(Extracted records)
##########
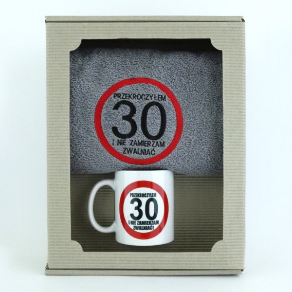 Kpl.ręcznik+kubek w pudełku ''PRZEKROCZYŁEM 30..''
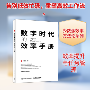 图书简介 | | 本书是一本教你提升效率的图书。少数派根据提升效率的几个很重要的方面,精心挑选了平台内的优质文章,从效率的本质、制订计划、时间管理、任务管理、高效写作等方面入手,力求帮助读者弄清楚效率的方方面面,充分挖掘自身的潜力,全面提升读者在工作、学习、生活中的效率。作为互联网时代的图书,全书特别搭建了读者交流群,不仅帮助读者交流学习,还会安排作者不定期答疑解惑,分享自己的近期新研究成果,努力成为读者身边的信息管理知识库。 |
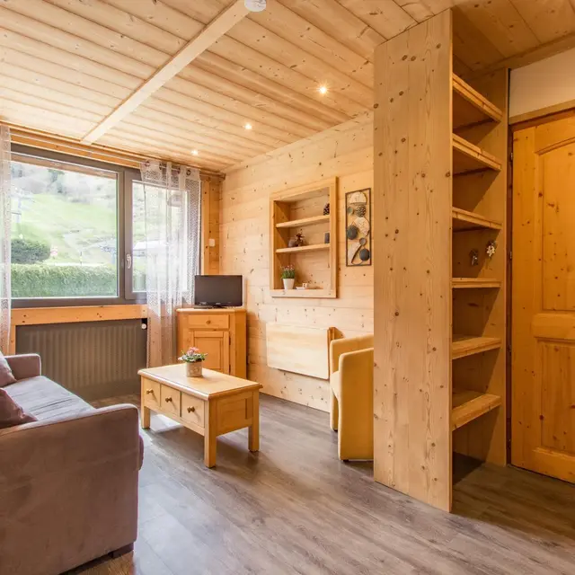 Beautiful atmosphere for this 22m² gîte on the ground floor of a large house ideally located 3 minutes walk from the center of La Clusaz and opposite the 'Bossonnet' lifts. The house also includes 1 owner's accommodation and 3 other rentals. Common entrance. Studio with equipped kitchen: dining area, refrigerator, oven, microwave...
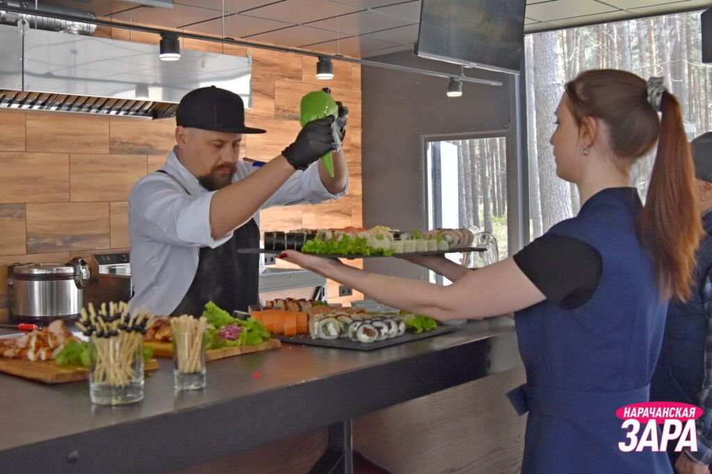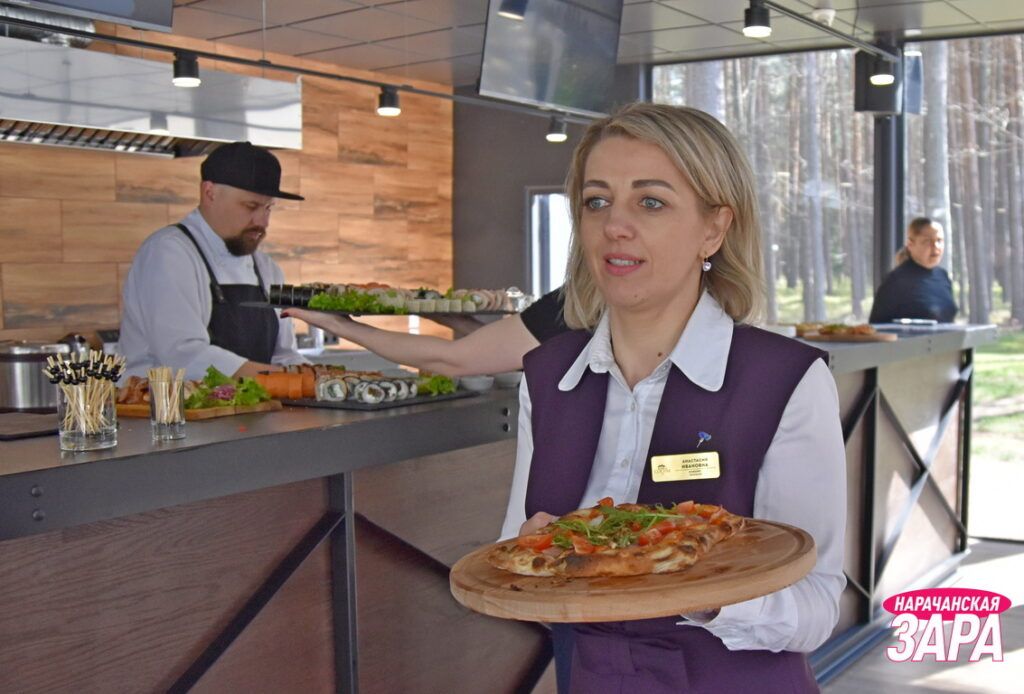 В санатории «Сосны» 30 апреля состоялось торжественное открытие новой гастрономической площадки. Право перерезать красную ленточку доверили шеф-повару санатория Владиславу Лещевичу и заместителю директора по медицинской части Ольге Севастьян.
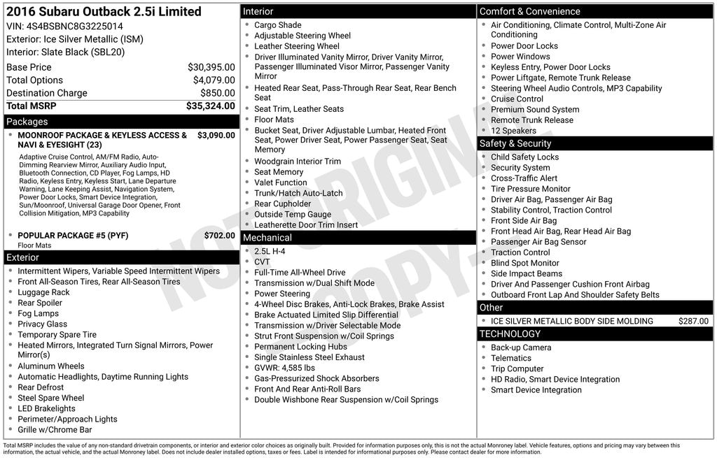 • Moonroof Package & Keyless Access & Navi & EyeSight
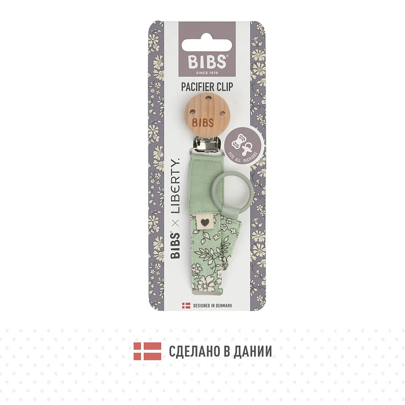 Держатель BIBS LIBERTY из органического хлопка очень прост в использовании: прикрепите клипсу к одежде малыша, и пустышка больше не потеряется и не упадет на пол. К нему можно подобрать пустышку BIBS с аналогичным принтом. Длина соответствует стандартам безопасности.
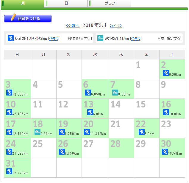 2日ほど500メートルとか600メートルとか泳いだ日はありますが、走ったのは、フルマラソン1本とハーフマラソン1本入れても179キロ。走った日は14日。つまり2.2日に1回くらいしか走っておりません。そんなに走れませんって、仕事したら。
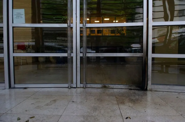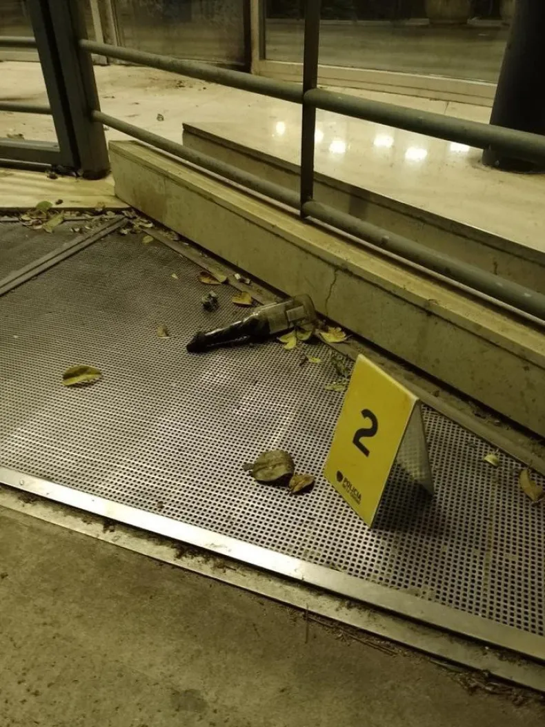 No hubo heridos, tampoco daños materiales, aunque las manchas del combustible utilizado y los rastros del fuego quedaron registrados en el frente del edificio.
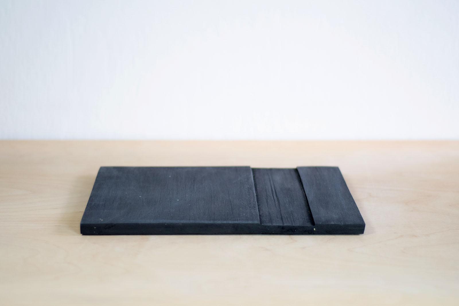 Wykonana ręcznie z gliny w kolorze czarnym. Faktura na powierzchni wykonana również ręcznie, poprzez szlifowanie podsuszonej formy. Nadaje się jako podstawka do karafki oraz kubeczków lub kubeczków w różnych barwach. Podklejona gumowymi nóżkami.
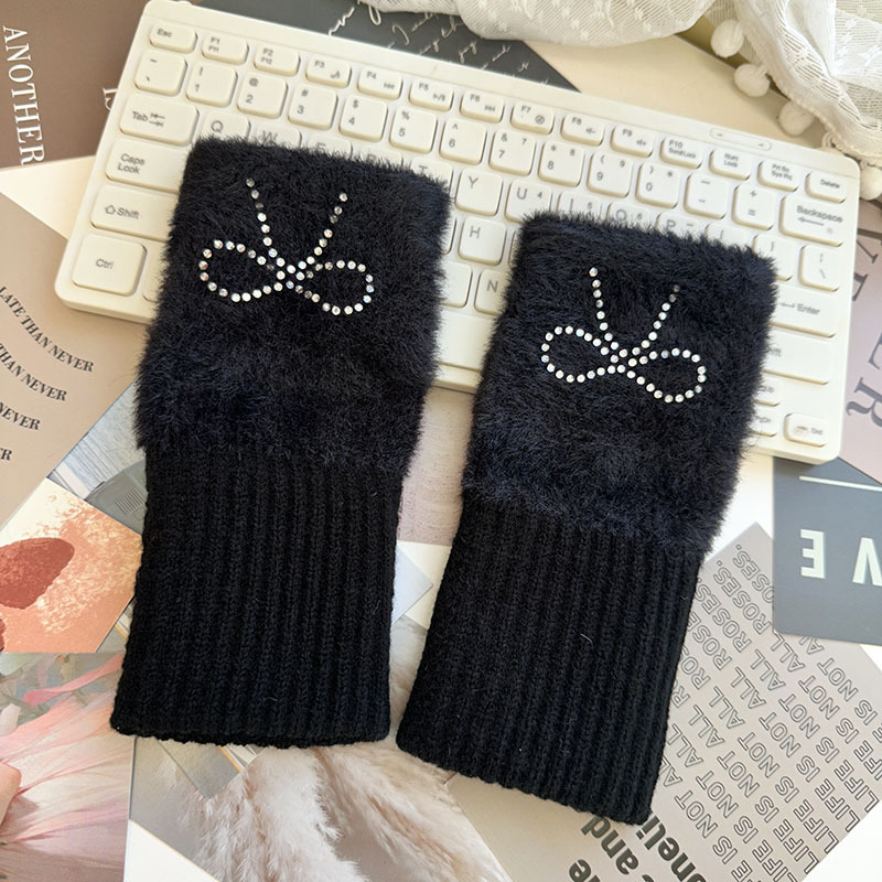 • 핫픽스 큐빅 나비 리본 반장갑 - 블랙
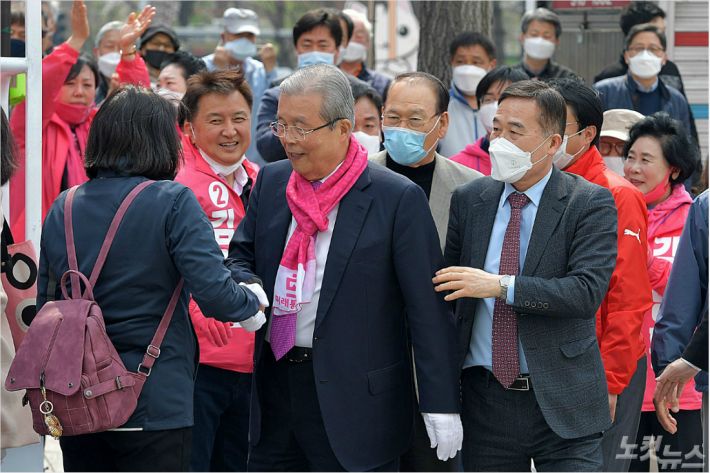미래통합당 김종인 총괄 선거대책위원장이 지난 10일 경기 고양시 주엽역 앞에서 경기 고양시정 김현아, 경기 고양시병 김영환 후보에 대한 지원유세를 마친 뒤 시민들과 인사하는 모습.(사진=박종민 기자)
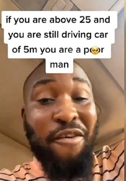 The man made this controversial assertion in a viral video, stating that any man above 25 years old with a car worth 5 million naira should not feel fulfilled or accomplished.
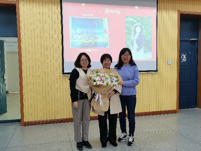随后,院党委书记冷传平和学院工会主席甘静为邵兰霞老师送上鲜花和纪念品。
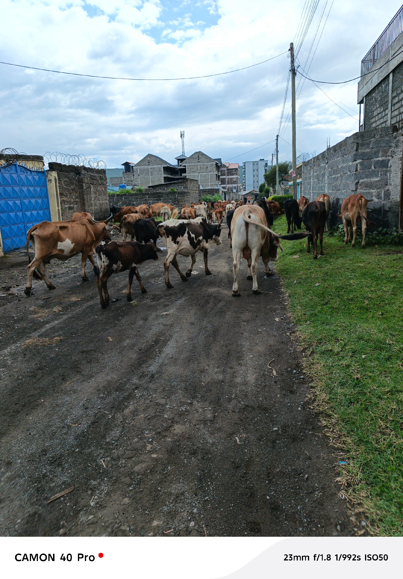 The image captures a herd of cattle moving along a dirt road in an urban setting, likely in Nakuru, Kenya. The road is flanked by low stone walls topped with barbed wire, a blue metal gate, and patche…read more
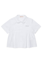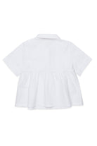 Short-sleeved shirt with logo and gathered hem in 100% cotton. A style with a fresh, modern design.
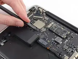 Возьмите прозрачный пластиковый язычок, прикрепленный к разъему батареи, и потяните его к переднему краю Air, чтобы отключить батарею от материнской платы.
##########
### Exercise brief:
Leave out the images and transcribe all the records exactly.

### Reply:
 Kpl.ręcznik+kubek w pudełku ''PRZEKROCZYŁEM 30..''
 图书简介 | | 本书是一本教你提升效率的图书。少数派根据提升效率的几个很重要的方面,精心挑选了平台内的优质文章,从效率的本质、制订计划、时间管理、任务管理、高效写作等方面入手,力求帮助读者弄清楚效率的方方面面,充分挖掘自身的潜力,全面提升读者在工作、学习、生活中的效率。作为互联网时代的图书,全书特别搭建了读者交流群,不仅帮助读者交流学习,还会安排作者不定期答疑解惑,分享自己的近期新研究成果,努力成为读者身边的信息管理知识库。 |
 Beautiful atmosphere for this 22m² gîte on the ground floor of a large house ideally located 3 minutes walk from the center of La Clusaz and opposite the 'Bossonnet' lifts. The house also includes 1 owner's accommodation and 3 other rentals. Common entrance. Studio with equipped kitchen: dining area, refrigerator, oven, microwave...
 В санатории «Сосны» 30 апреля состоялось торжественное открытие новой гастрономической площадки. Право перерезать красную ленточку доверили шеф-повару санатория Владиславу Лещевичу и заместителю директора по медицинской части Ольге Севастьян.
 • Moonroof Package & Keyless Access & Navi & EyeSight
 Держатель BIBS LIBERTY из органического хлопка очень прост в использовании: прикрепите клипсу к одежде малыша, и пустышка больше не потеряется и не упадет на пол. К нему можно подобрать пустышку BIBS с аналогичным принтом. Длина соответствует стандартам безопасности.
 2日ほど500メートルとか600メートルとか泳いだ日はありますが、走ったのは、フルマラソン1本とハーフマラソン1本入れても179キロ。走った日は14日。つまり2.2日に1回くらいしか走っておりません。そんなに走れませんって、仕事したら。
 No hubo heridos, tampoco daños materiales, aunque las manchas del combustible utilizado y los rastros del fuego quedaron registrados en el frente del edificio.
 Wykonana ręcznie z gliny w kolorze czarnym. Faktura na powierzchni wykonana również ręcznie, poprzez szlifowanie podsuszonej formy. Nadaje się jako podstawka do karafki oraz kubeczków lub kubeczków w różnych barwach. Podklejona gumowymi nóżkami.
 • 핫픽스 큐빅 나비 리본 반장갑 - 블랙
미래통합당 김종인 총괄 선거대책위원장이 지난 10일 경기 고양시 주엽역 앞에서 경기 고양시정 김현아, 경기 고양시병 김영환 후보에 대한 지원유세를 마친 뒤 시민들과 인사하는 모습.(사진=박종민 기자)
 The man made this controversial assertion in a viral video, stating that any man above 25 years old with a car worth 5 million naira should not feel fulfilled or accomplished.
随后,院党委书记冷传平和学院工会主席甘静为邵兰霞老师送上鲜花和纪念品。
 The image captures a herd of cattle moving along a dirt road in an urban setting, likely in Nakuru, Kenya. The road is flanked by low stone walls topped with barbed wire, a blue metal gate, and patche…read more
 Short-sleeved shirt with logo and gathered hem in 100% cotton. A style with a fresh, modern design.
 Возьмите прозрачный пластиковый язычок, прикрепленный к разъему батареи, и потяните его к переднему краю Air, чтобы отключить батарею от материнской платы.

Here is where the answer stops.